Emeralds is a romantic evocation of France. It is also Balanchine’s comment on the French school of dancing and its rich heritage. France is the birthplace of classical ballet and French is its language. With a score by Gabriel Fauré and dancers dressed in Romantic-length tutus, Emeralds can also be a window on the nostalgia inherent in much late 19th-century art, with its idealized view of the Middle Ages, chivalry, and courtly love. Balanchine considered Emeralds “an evocation of France—the France of elegance, comfort, dress and perfume.”

Read more about the full Jewels ballet from The Balanchine Trust & the history of the ballet on our blog.


The Nutcracker

Watch an excerpt of an interview with Maria Tallchief, New York City Ballet’s first prima ballerina, and the first Native American principal dancer, and originator of many Balanchine roles including Sugar Plum Fairy in The Nutcracker.

When George Balanchine staged The Nutcracker for New York City Ballet in 1954, it was the six-year-old company’s most ambitious project to date. The choreographer spent more than half of the production’s $40,000 budget on the Christmas tree, infuriating Morton Baum, chair of New York City Center’s finance committee, which had put up the money. Baum asked, “George, can’t you do it without the tree?” to which Balanchine replied, “The ballet is the tree.”

Balanchine had danced in the Maryinsky Theater’s production in St. Petersburg as a child. His roles included soldier, mouse king, little prince, and the lead in the hoop dance, which had been choreographed by its original interpreter, Alexander Shiryaev, for the 1892 premiere. Balanchine remembered the luxurious days before the Russian revolution and held them as an ideal.
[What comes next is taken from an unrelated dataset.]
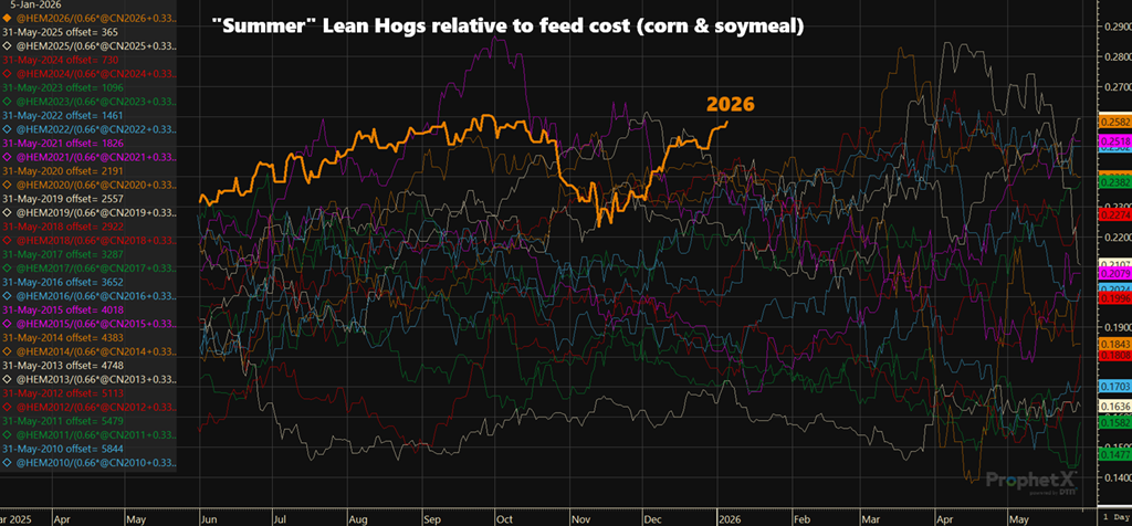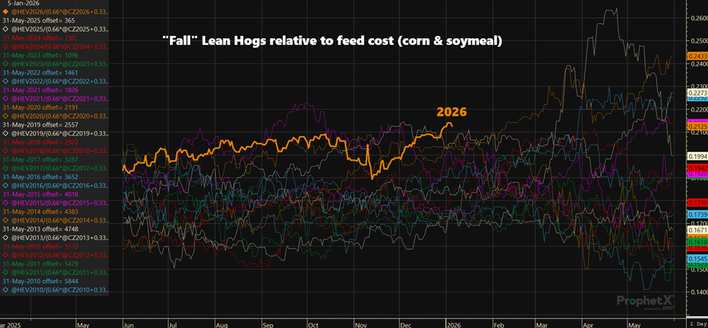 A good start of the year for summer and fall 2026 prices. Relatively good prices for hogs, and relatively cheap grain prices.

When Baum asked him to stage The Nutcracker, banking on the popularity of The Nutcracker Suite in the United States, Balanchine said, “If I do anything, it will be full-length and expensive.”
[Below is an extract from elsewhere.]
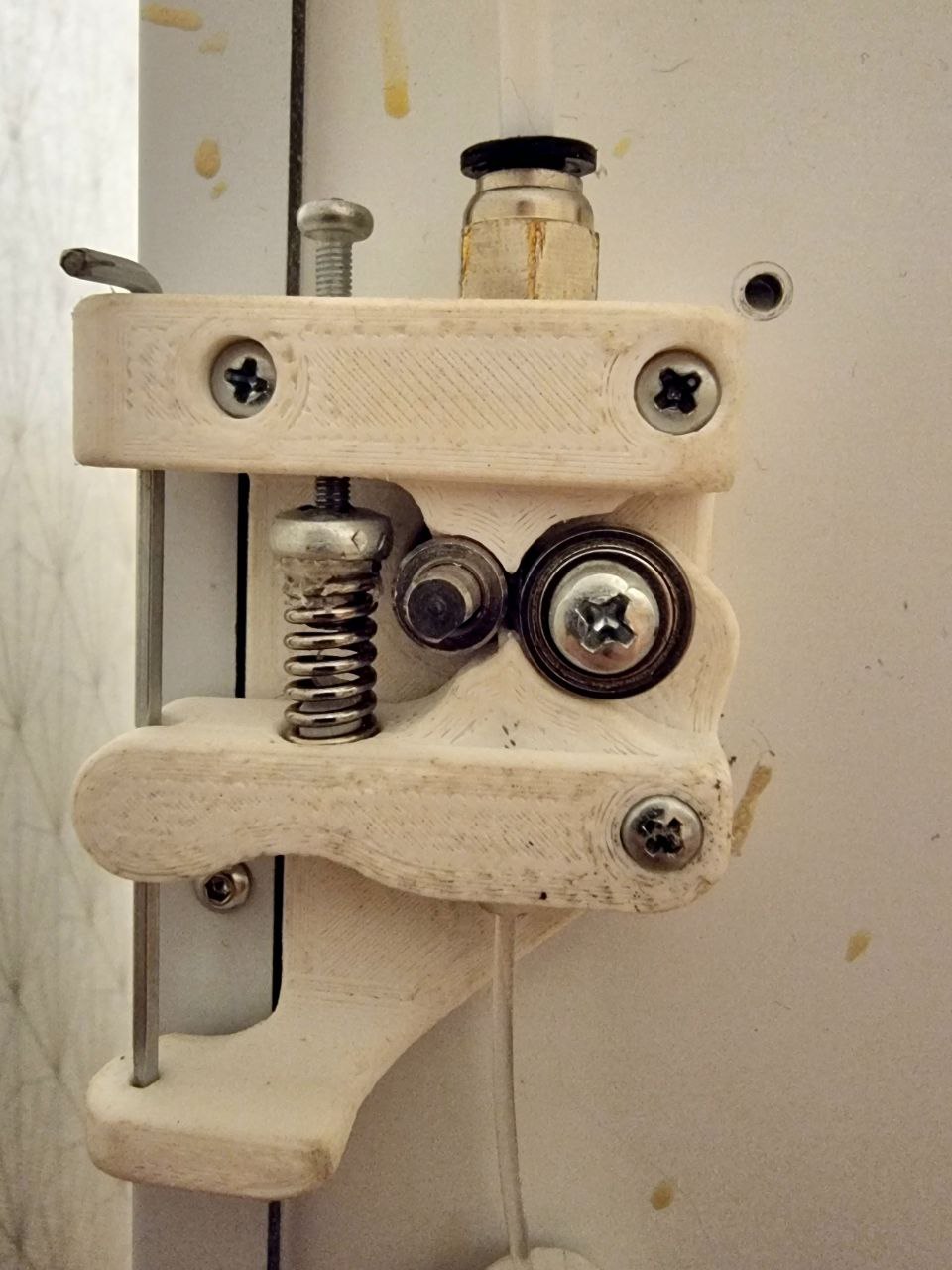 Фишка в точном повторении профиля шестерни и полной выборке пустого пространства, а также в дополнительной жесткой оси-направляющей рычага. В стандартной версии 1 точка крнпления из-за чего рычаг выворачивает вперед, нарушая геометрию прижатия, а в дальнейшем он просто трескается. Тут это невозмонжо, т.к. рычаг закреплен на 2х точках, это позволяет создавать большие усилия прижима без деформации.

Read more about George Balanchine’s The Nutcracker HERE & HERE.


Square Dance

Balanchine’s Square Dance combines classical ballet, 17th-century court dance, and American country dancing. In the original 1957 production, the musicians were on stage and a square dance caller was brought in to call out the steps. Balanchine revived Square Dance in 1976, dispensing with the caller, putting the orchestra in the pit, and adding a celebrated solo for the principal male dancer.
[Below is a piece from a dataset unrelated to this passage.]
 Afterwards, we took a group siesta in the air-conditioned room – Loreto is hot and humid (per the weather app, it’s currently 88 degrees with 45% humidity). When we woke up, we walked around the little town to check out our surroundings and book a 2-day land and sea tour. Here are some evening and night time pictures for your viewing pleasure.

Watch dancer Patricia Wilde speak specifically about dancing with Balanchine, and watch her dance the principal role in the original version of Square Dance (with the square dance caller) below.

Writing about Square Dance, Balanchine explained, “Ballet and other forms of dance of course can be traced back to folk dance. I have always liked watching American folk dances, especially in my trips to the West, and it occurred to me that it would be possible to combine these two different types of dance, the folk and the classic, in one work. To show how close the two really are, we chose old music also based on ancient dances. The spirit and nerve required for superb dancing are close to what we always want in ballet performances, which is one way perhaps of explaining why so many American dancers are so gifted. The invention, its superb preparation for risks, and its high spirits are some of the things I was trying to show in this ballet.”